Kolejnym przykładem na to, iż w siatkówce pieniądze grają niemałą rolę jest transfer kubańskiego przyjmującego, Osmany Juantoreny do zespołu mistrza Europy, Zenitu Kazań. Mówi się, że rosyjska potęga zaproponowała siatkarzowi 1 mln euro (!) za sezon reprezentowania ich barw. Dodatkowo zapłaciła drugie tyle odstępnego Trentino Volley, z którym Kubańczyk miał jeszcze ważny kontrakt.
Bartosz Kurek długo nie mógł się zdecydować na swoje przenosiny do Dynamo Moskwy. Nic jednak dziwnego, że w końcu wybrał ofertę z Superligi. - Kurek wybrał Rosję ponieważ poza większymi pieniędzmi od innych lig, tamtejsza ekstraklasa z roku na rok jest coraz lepsza i daje olbrzymie możliwości na rozwój - argumentuje przenosiny przyjmującego jego menadżer, Ryszard Bosek. Mówi się o tym, iż polski siatkarz ma zarabiać w Moskwie 700 tys. euro. Jednak możliwa jest tu znacznie większa kwota. Partnerem Kurka na przyjęciu, będzie prawdopodobnie kolejny skuszony petrodolarami, Amerykanin Matthew Anderson.
Kolejnym zawodnikiem, który wybrał Rosję, jest reprezentacyjny rozgrywający Łukasz Żygadło. Siatkarz przenosi się do Fakiełu Nowyj Urengoj. Po przekątnej będzie tam grał z gwiazdą reprezentacji Brazylii Leandro Vissotto, który jeszcze w tym sezonie bronił barw włoskiego Cuneo.

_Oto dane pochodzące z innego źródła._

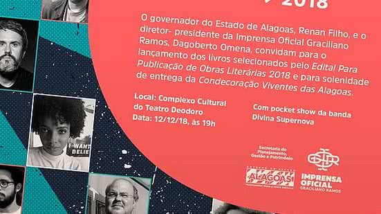 A Imprensa Oficial Graciliano Ramos lança onze livros inéditos, selecionados a partir do Edital Para Publicação de Obras Literárias 2018 - um dos editais públicos mais aguardados pelos escritores contemporâneos de Alagoas. Do conjunto de onze autoras e autores selecionados este ano, sete estão realizando o sonho de publicar os primeiros livros de suas carreiras: Ana Iris Santos, Cid Brasil, Fátima Costa, Felipe Benício, João Gomes, Karen Pimentel e Natasha Tinet. Entre os experientes, estão alguns autores que já fazem parte do elenco da editora. São elas e eles: Amanda Prado, Sara Albuquerque, Sidney Wanderley e Wado. O evento de lançamento, gratuito e aberto ao público, será realizado no dia 12 de dezembro, às 19h, no Complexo Cultural do Teatro Deodoro. Além da sessão de autógrafos, haverá o anúncio de três novos editais e a apresentação da banda Divina Supernova.
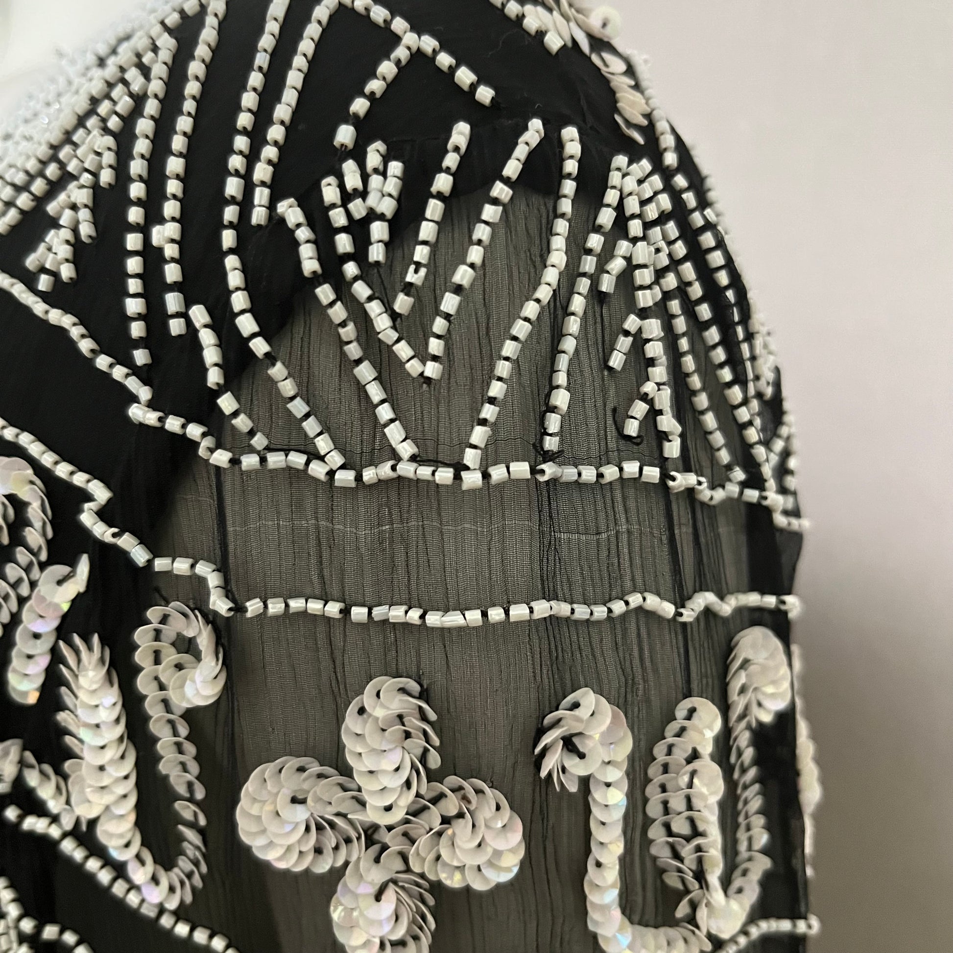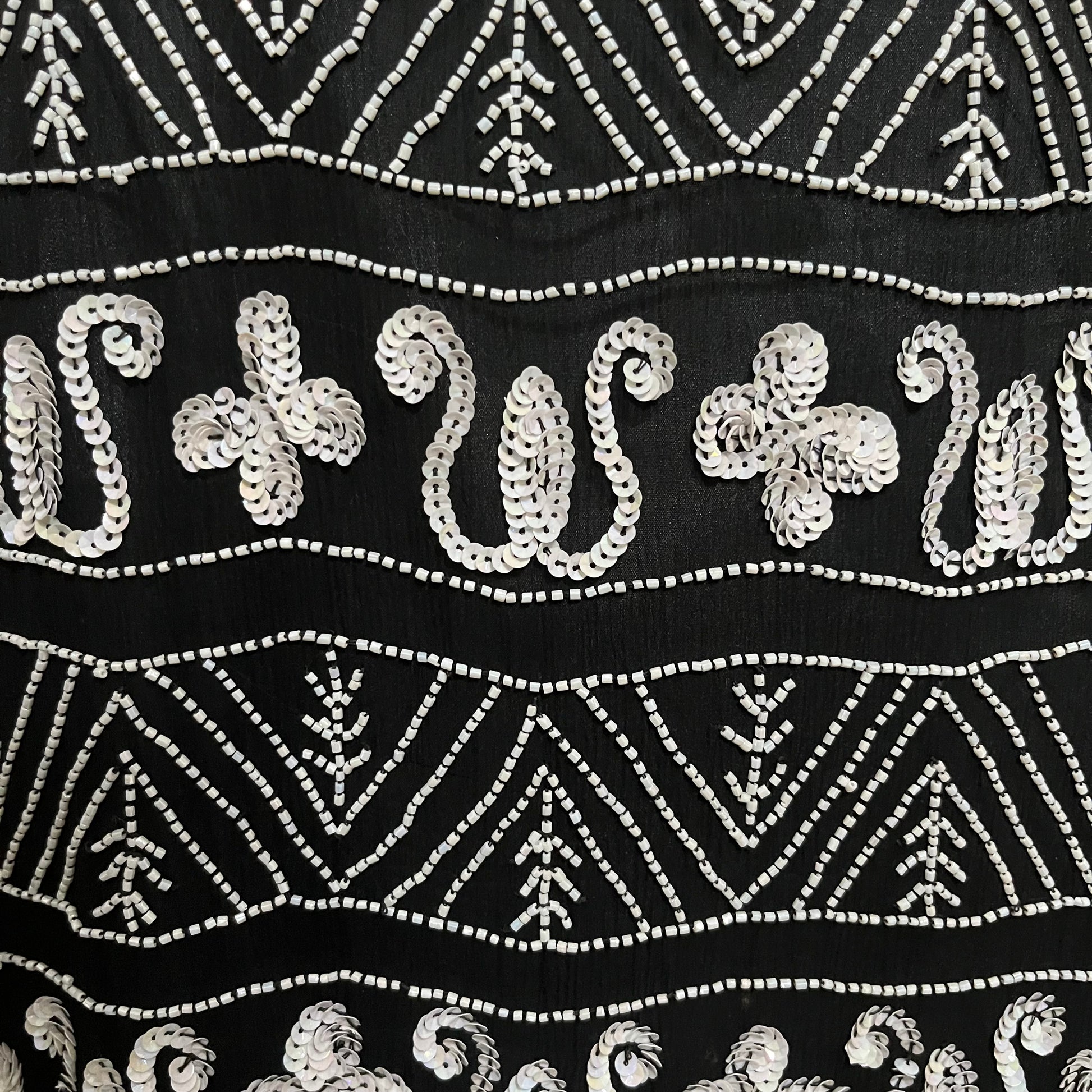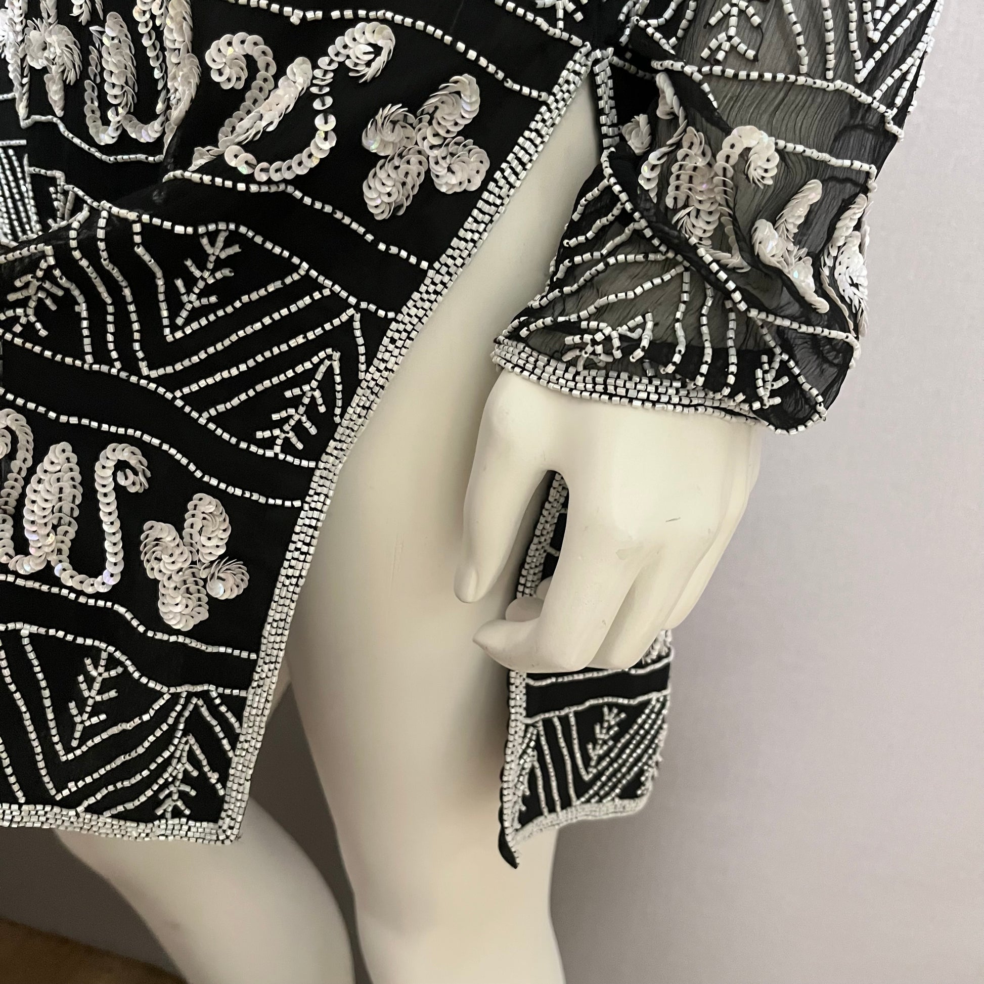 Papell Boutique 100% Silk Black With White Beaded Tunic Top Sz-Large

Jednak to nie wszystko. W tym sezonie rosyjskie kluby prezentować będą jeszcze inne znane na całym świecie nazwiska. Fiński rozgrywający Mikko Esko, znani z występów w Polsce Rafael Redwitz i atakujący Mikko Oivanen, przyjmujący Facundo Conte to tylko nieliczne indywidualności, których skusiły wielkie pieniądze. Na tym prawdopodobnie rosyjska ekstraliga nie poprzestanie. Jej kluby dysponują coraz większymi pieniędzmi, a jedyną granicą, która powstrzymuje ich przed całkowitym rozbiorem innych lig, jest limit dwóch obcokrajowców. Ostatnio mówi się jednak, że rosyjska federacja zamierza go powiększyć. Cóż… Nam zostaje tylko czekać z wiarą w to, że za parę lat ciągle będziemy oglądać polskie i włoskie zespoły w światowej czołówce.